GIVEN RECORDS: Begin
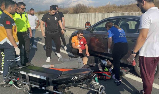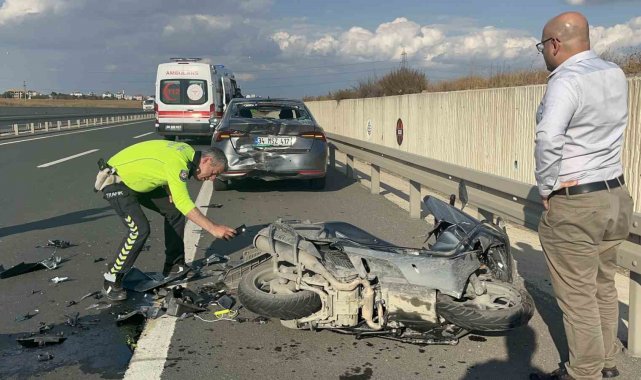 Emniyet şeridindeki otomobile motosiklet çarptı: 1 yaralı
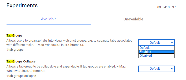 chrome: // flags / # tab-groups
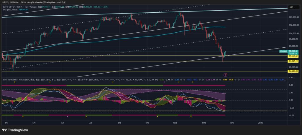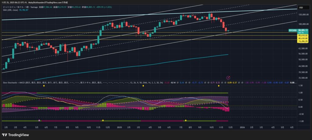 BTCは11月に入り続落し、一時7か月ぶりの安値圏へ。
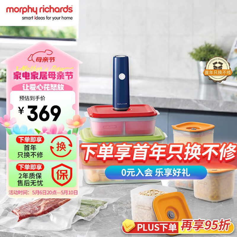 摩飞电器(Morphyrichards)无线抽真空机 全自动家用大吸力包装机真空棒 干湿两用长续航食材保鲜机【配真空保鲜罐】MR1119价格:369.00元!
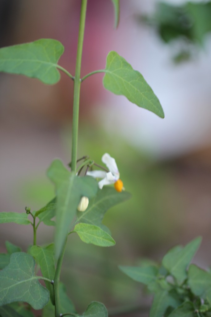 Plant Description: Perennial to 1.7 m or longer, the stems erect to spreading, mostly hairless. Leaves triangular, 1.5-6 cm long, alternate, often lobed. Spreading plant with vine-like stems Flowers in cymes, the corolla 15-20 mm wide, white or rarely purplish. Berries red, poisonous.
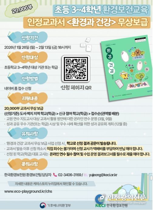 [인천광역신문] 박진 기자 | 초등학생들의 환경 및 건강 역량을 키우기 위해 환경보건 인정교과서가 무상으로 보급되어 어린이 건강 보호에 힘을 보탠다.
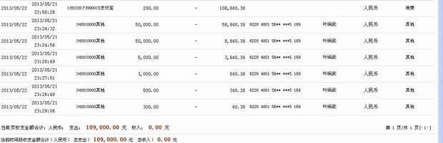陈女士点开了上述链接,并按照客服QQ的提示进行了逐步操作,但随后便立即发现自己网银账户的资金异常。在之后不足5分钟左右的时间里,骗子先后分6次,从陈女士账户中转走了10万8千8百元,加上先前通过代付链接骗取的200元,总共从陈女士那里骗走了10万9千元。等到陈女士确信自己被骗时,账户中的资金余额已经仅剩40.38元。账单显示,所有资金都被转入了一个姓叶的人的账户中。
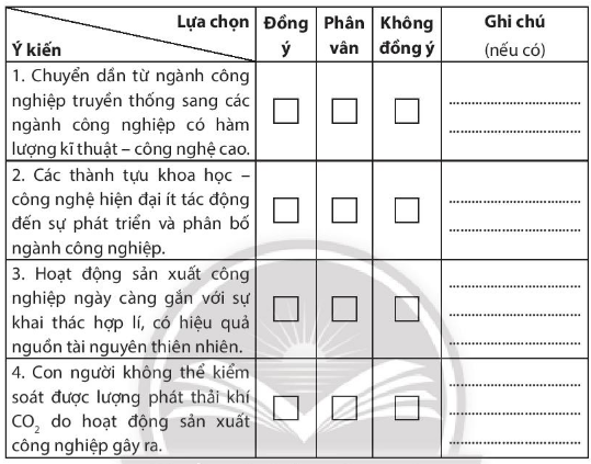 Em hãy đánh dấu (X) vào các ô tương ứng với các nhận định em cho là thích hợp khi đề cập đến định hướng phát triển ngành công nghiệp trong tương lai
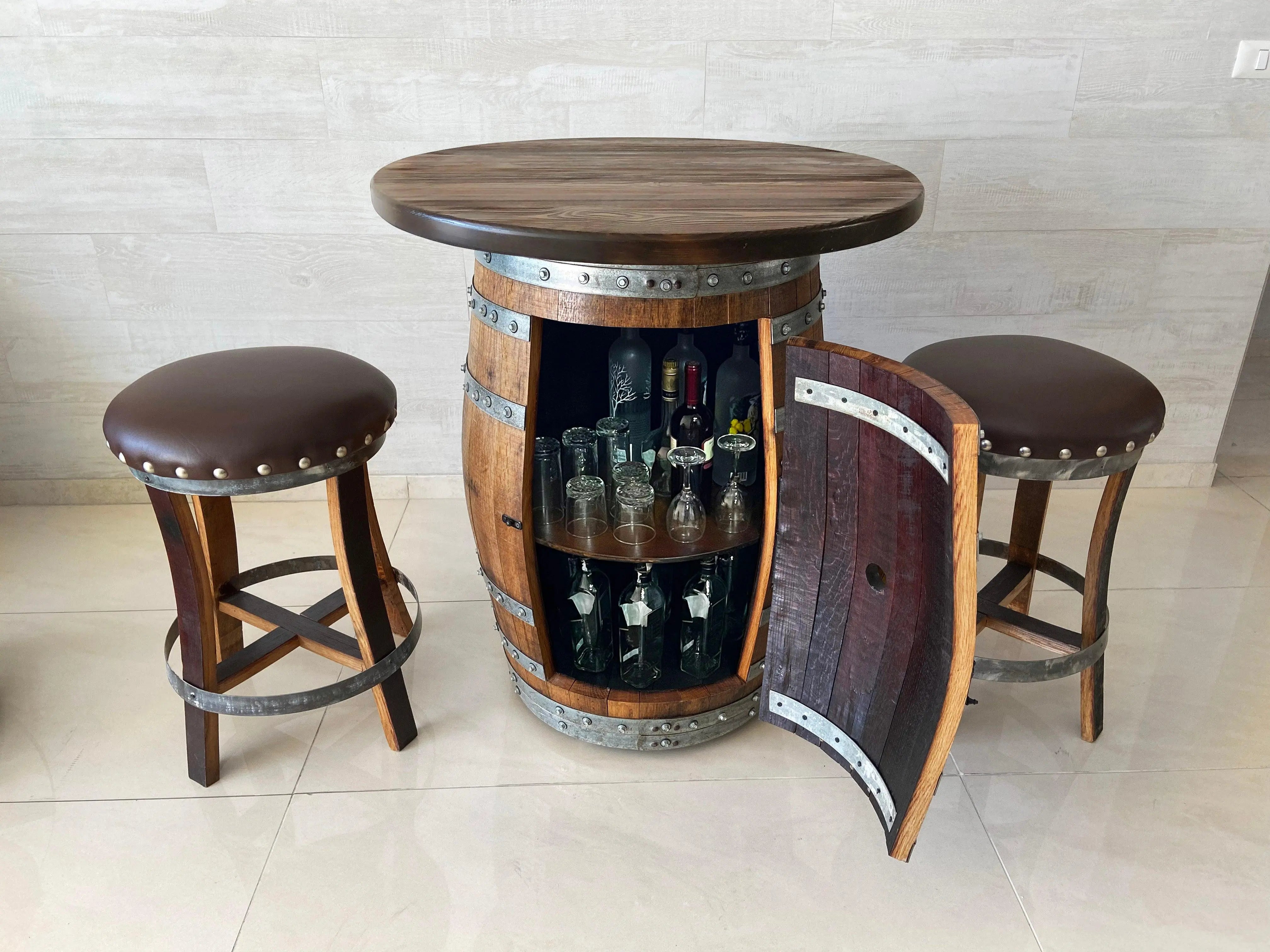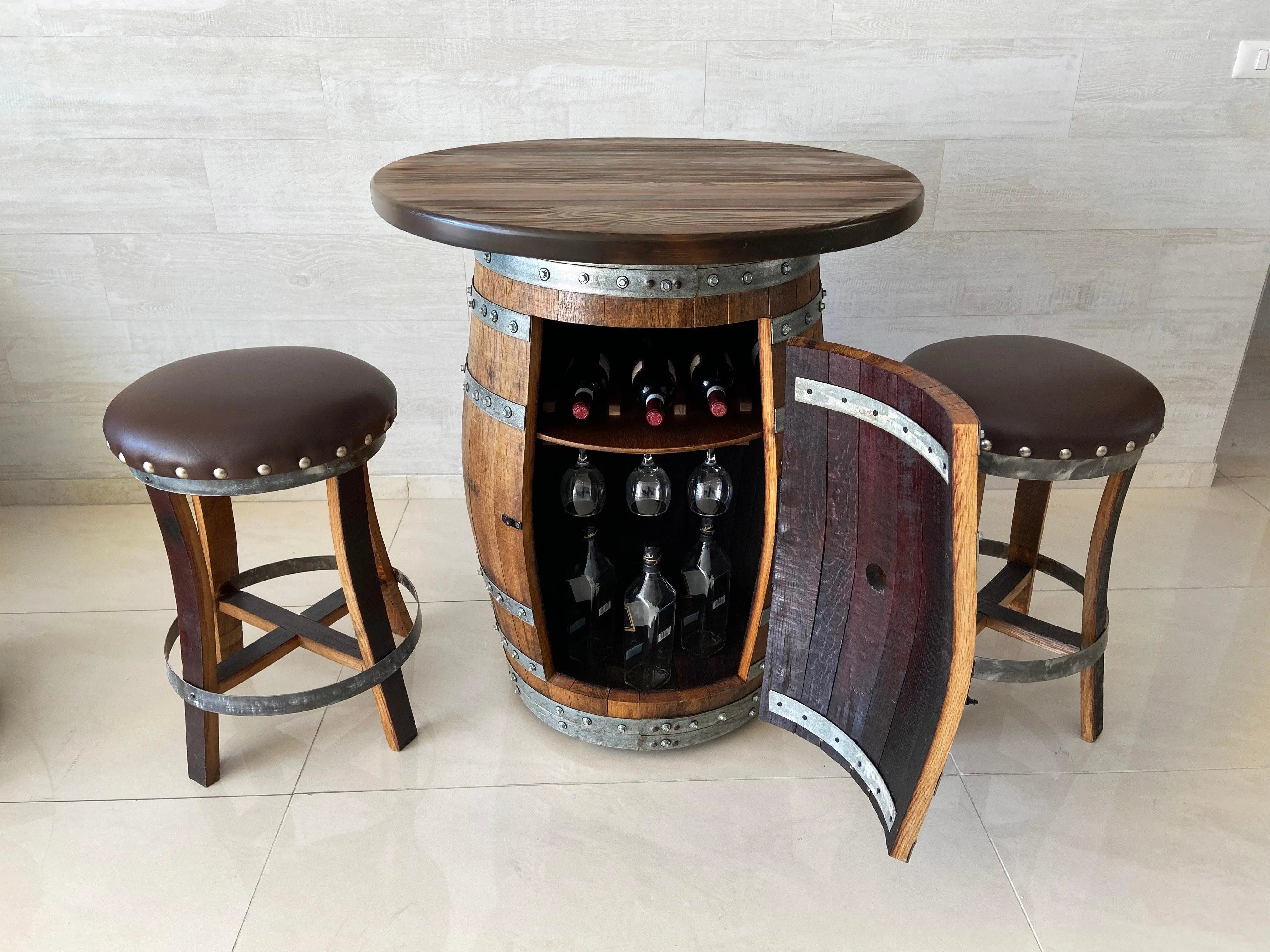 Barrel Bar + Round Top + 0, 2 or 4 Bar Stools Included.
GIVEN RECORDS: End
GIVEN RECORDS: Begin
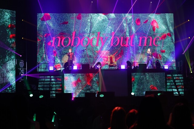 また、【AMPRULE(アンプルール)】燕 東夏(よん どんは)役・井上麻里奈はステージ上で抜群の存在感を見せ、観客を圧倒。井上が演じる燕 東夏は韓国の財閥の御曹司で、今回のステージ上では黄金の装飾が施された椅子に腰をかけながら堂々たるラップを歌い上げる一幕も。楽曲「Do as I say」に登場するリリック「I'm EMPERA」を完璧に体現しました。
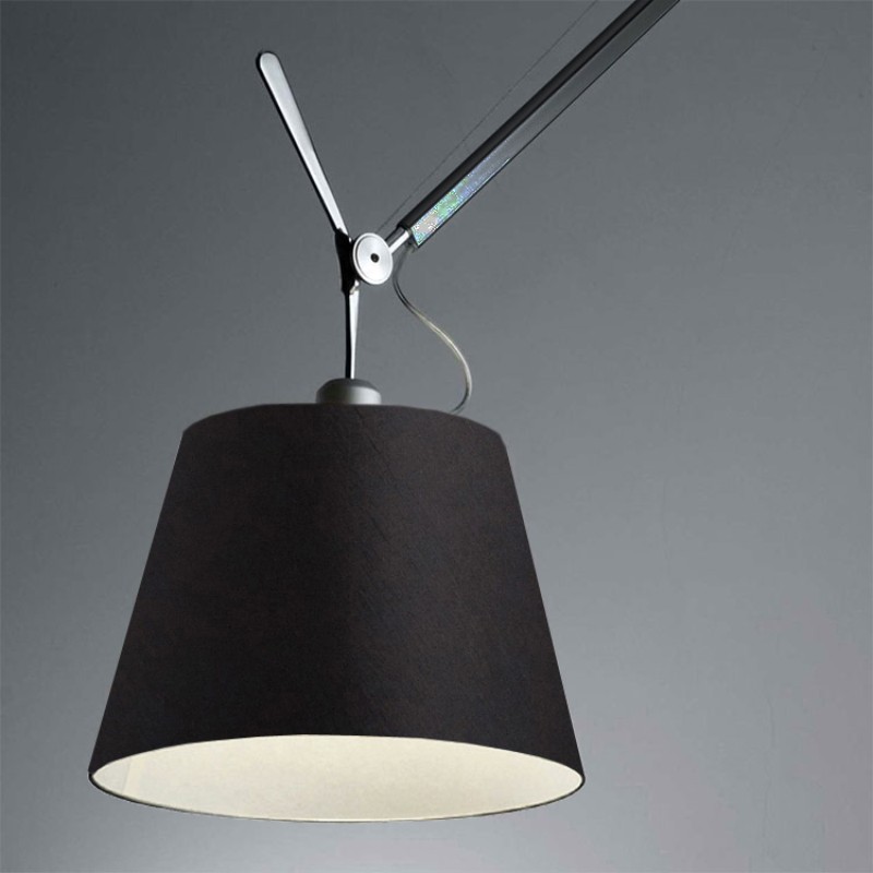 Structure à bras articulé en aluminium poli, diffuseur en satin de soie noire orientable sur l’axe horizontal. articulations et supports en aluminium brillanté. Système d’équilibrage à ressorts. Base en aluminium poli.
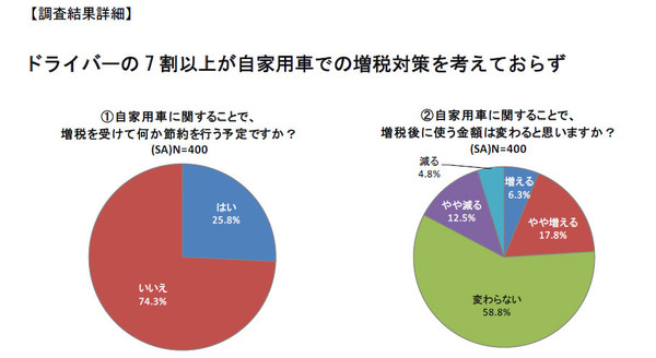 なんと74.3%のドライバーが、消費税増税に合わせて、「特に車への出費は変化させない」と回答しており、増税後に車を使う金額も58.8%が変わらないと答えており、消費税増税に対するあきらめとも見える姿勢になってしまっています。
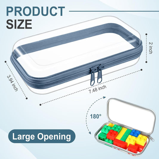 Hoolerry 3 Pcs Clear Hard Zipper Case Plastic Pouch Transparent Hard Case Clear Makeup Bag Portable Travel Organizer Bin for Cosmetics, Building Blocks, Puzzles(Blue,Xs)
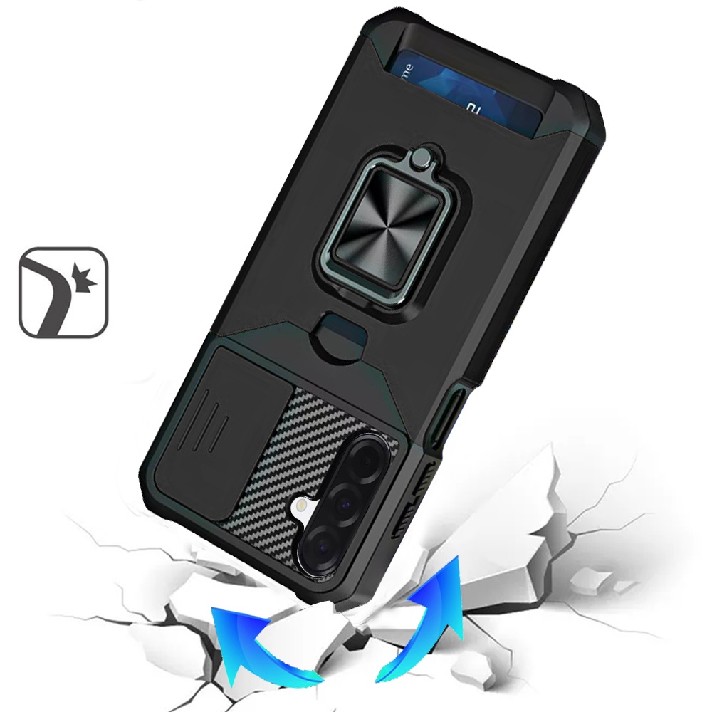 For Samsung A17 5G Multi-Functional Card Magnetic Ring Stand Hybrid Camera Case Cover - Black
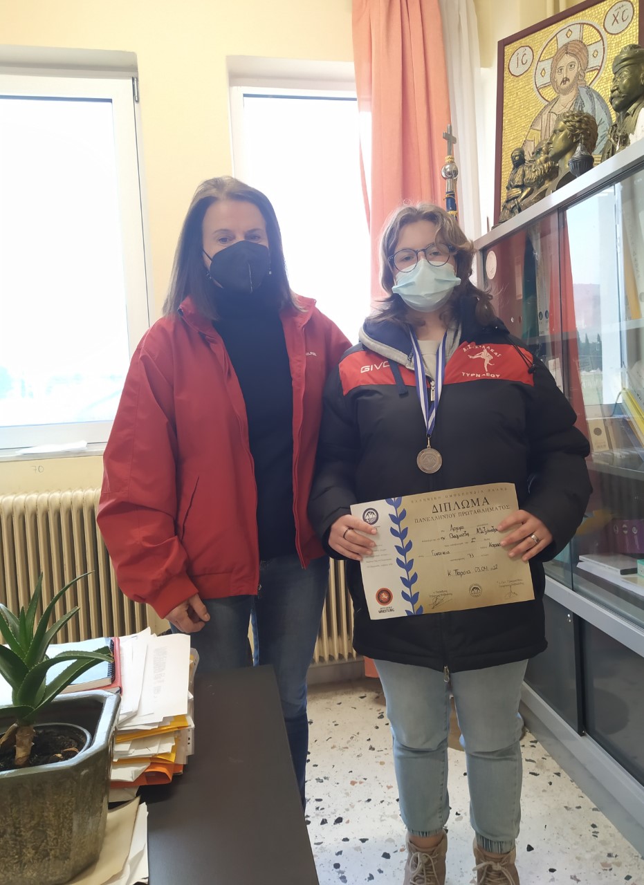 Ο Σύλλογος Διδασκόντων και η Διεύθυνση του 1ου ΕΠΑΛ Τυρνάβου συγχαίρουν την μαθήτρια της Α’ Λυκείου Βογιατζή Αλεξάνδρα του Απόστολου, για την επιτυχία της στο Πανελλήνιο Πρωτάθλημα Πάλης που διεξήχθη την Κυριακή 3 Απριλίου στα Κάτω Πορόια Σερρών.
GIVEN RECORDS: End
GIVEN RECORDS: Begin
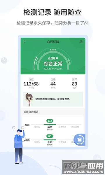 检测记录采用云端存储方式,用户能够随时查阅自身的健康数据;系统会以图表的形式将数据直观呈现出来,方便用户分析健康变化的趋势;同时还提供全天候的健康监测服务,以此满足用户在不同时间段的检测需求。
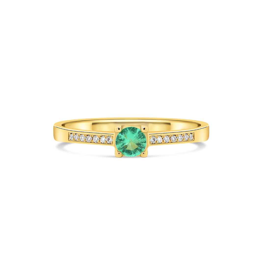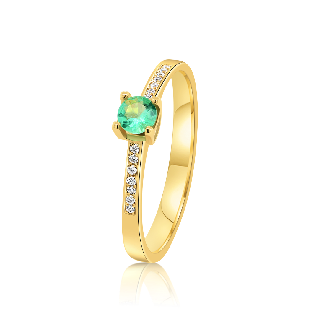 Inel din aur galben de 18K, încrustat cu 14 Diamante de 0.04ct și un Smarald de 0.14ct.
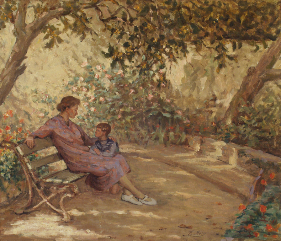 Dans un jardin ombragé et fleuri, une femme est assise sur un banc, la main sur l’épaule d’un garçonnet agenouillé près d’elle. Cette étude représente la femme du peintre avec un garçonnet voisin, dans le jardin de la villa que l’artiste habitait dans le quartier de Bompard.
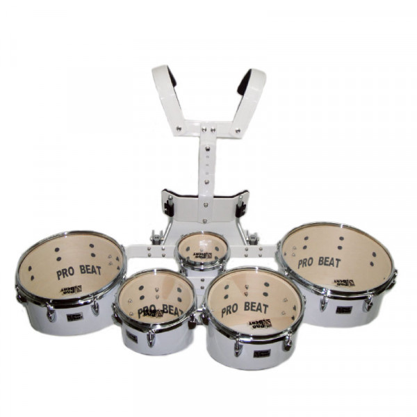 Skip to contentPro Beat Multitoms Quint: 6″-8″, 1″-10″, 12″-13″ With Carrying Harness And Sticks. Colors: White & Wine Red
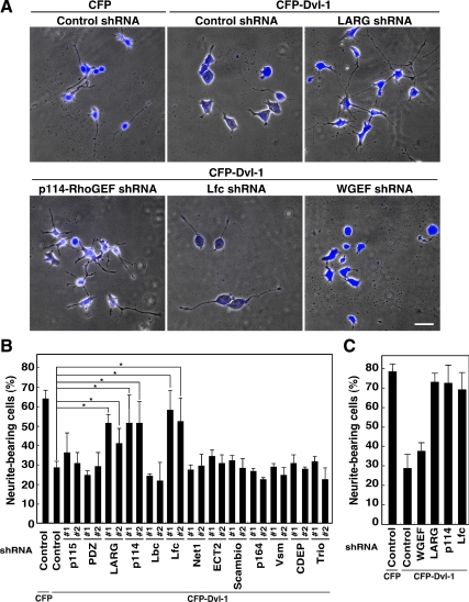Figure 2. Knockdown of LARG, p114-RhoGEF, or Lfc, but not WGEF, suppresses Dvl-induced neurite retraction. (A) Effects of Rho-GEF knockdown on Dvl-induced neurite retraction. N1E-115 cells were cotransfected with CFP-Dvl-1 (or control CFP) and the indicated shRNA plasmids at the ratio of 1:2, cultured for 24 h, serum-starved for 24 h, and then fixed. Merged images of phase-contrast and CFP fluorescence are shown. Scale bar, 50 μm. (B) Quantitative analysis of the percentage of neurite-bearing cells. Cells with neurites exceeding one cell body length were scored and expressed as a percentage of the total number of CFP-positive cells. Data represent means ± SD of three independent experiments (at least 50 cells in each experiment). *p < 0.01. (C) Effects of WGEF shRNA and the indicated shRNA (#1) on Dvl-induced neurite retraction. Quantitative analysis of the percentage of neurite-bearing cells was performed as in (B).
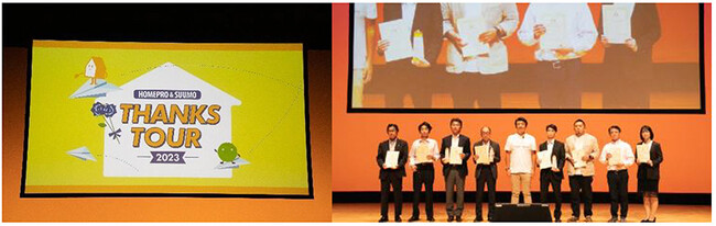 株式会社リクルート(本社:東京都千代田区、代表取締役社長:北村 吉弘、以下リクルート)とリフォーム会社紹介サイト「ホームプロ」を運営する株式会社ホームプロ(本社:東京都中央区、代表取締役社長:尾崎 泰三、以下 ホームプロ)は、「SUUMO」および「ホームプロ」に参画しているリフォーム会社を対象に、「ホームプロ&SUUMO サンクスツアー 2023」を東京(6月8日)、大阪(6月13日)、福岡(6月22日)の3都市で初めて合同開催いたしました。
GIVEN RECORDS: End
Starting at the line containing "For Samsung A17" and stopping at the line containing "Ο Σύλλογος Διδασκόντων", output every line above exactly, both ends included, with pictures omitted.

◆ OUTPUT OF THE TASK
 For Samsung A17 5G Multi-Functional Card Magnetic Ring Stand Hybrid Camera Case Cover - Black
 Ο Σύλλογος Διδασκόντων και η Διεύθυνση του 1ου ΕΠΑΛ Τυρνάβου συγχαίρουν την μαθήτρια της Α’ Λυκείου Βογιατζή Αλεξάνδρα του Απόστολου, για την επιτυχία της στο Πανελλήνιο Πρωτάθλημα Πάλης που διεξήχθη την Κυριακή 3 Απριλίου στα Κάτω Πορόια Σερρών.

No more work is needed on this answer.